M. Brown - À vrai dire, il y a encore une chose à garder à l'esprit. Nous parlons souvent des oeuvres présentées dans une exposition en nous référant à leurs propriétés universelles. Notre exposition ne va pas nier ce qui est l'évidence même, à savoir qu'il existe des différences entre ces objets, et entre les civilisations dont ils sont le produit. En fait, ces différences devraient sauter aux yeux, par exemple lorsqu'on met côte à côte une sculpture indienne du onzième siècle et une oeuvre de Rodin.
Mais n'oublions pas ceci : les artistes font des oeuvres d'art pour toutes sortes de raisons, mais pratiquement jamais pour que les gens se contentent de les étudier. L'étude formelle des oeuvres d'art, en tant que discipline spécialisée de l'enseignement supérieur, remonte à à peine plus d'un siècle. En revanche, cela fait à peu près trente mille ans que l'homme crée des oeuvres d'art.

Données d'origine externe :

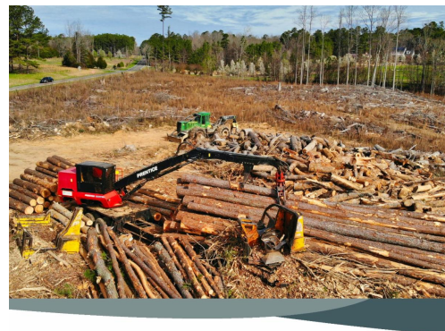
Logger Engagement and Retention: Surveying what matters in a quality logging operation across the U.S.
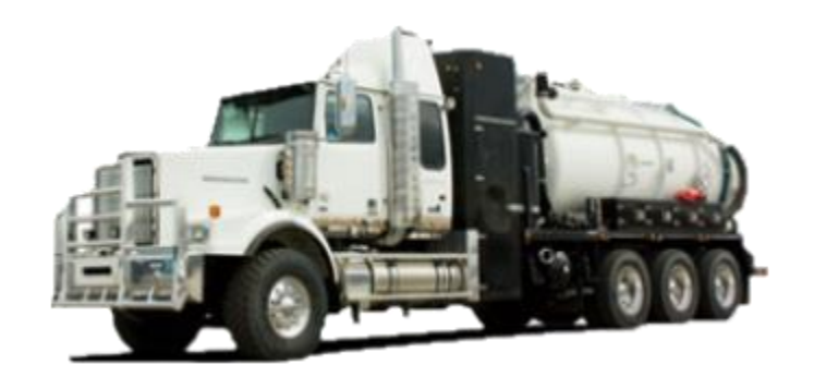
Typical combo vac unit.

The systems electrode was not functioning effectively, some of the fuel was inadequately combusted and gathered within the fire box prior to its ignition. The ignition of this excess fuel resulted in a black smoke and visible flame.
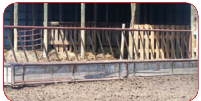
24' bunk feeder

L'exposition sur les « Anneaux » est destinée aux historiens de l'art, aux partisans de la psychologie cognitive et aux anthropologues, cela ne fait aucun doute, mais en dernier ressort, franchement et ouvertement, elle s'adresse à tous les êtres humains, à tous ceux parmi nous qui tirent une satisfaction personnelle des arts visuels, comme c'est le cas depuis des millénaires.
Je suis persuadé que l'art peut être une source de partage, et non pas de division.